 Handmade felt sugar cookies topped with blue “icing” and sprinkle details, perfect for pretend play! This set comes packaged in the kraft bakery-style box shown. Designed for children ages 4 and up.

==

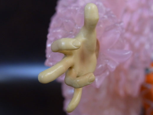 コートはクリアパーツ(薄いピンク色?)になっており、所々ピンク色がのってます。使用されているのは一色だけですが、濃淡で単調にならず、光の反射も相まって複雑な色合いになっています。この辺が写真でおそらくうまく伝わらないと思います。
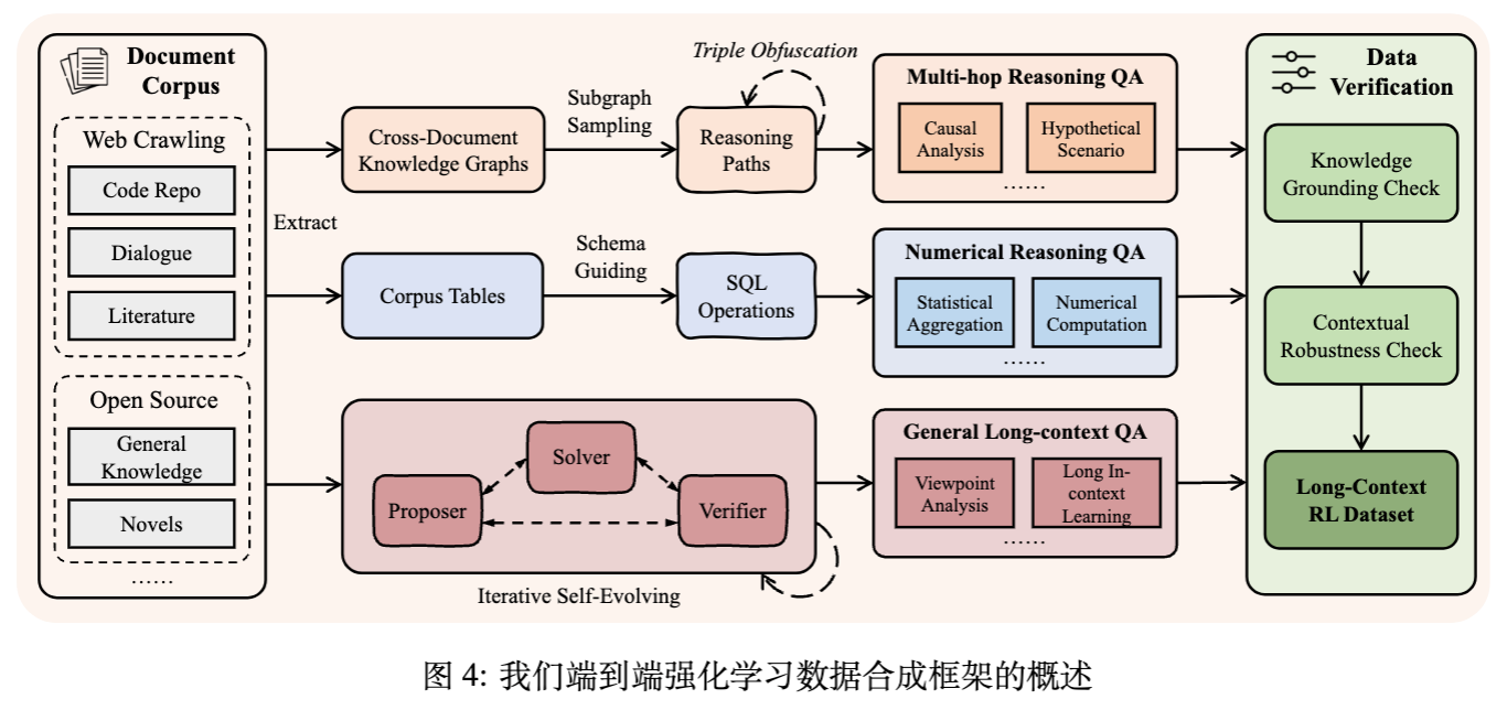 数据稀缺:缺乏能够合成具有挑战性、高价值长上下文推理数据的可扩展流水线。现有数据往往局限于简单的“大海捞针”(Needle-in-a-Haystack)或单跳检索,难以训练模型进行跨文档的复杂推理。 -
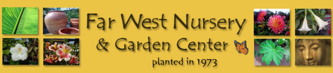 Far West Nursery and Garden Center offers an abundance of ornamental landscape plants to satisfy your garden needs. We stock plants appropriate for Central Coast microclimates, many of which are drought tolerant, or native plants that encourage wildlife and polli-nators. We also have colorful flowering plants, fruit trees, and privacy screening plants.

--

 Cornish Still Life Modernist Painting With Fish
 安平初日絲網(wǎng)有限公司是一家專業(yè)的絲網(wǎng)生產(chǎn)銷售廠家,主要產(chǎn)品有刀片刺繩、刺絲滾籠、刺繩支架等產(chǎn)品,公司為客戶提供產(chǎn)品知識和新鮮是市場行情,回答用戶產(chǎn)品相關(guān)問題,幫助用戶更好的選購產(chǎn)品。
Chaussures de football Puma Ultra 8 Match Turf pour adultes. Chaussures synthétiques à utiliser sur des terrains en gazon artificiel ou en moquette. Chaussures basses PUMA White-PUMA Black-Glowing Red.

TASK REQUIREMENTS: Beginning with the line containing "安平初日絲網(wǎng)有限" in the material above, copy every line exactly until you have copied the line containing "Chaussures de football".

TASK RESPONSE:
 安平初日絲網(wǎng)有限公司是一家專業(yè)的絲網(wǎng)生產(chǎn)銷售廠家,主要產(chǎn)品有刀片刺繩、刺絲滾籠、刺繩支架等產(chǎn)品,公司為客戶提供產(chǎn)品知識和新鮮是市場行情,回答用戶產(chǎn)品相關(guān)問題,幫助用戶更好的選購產(chǎn)品。
Chaussures de football Puma Ultra 8 Match Turf pour adultes. Chaussures synthétiques à utiliser sur des terrains en gazon artificiel ou en moquette. Chaussures basses PUMA White-PUMA Black-Glowing Red.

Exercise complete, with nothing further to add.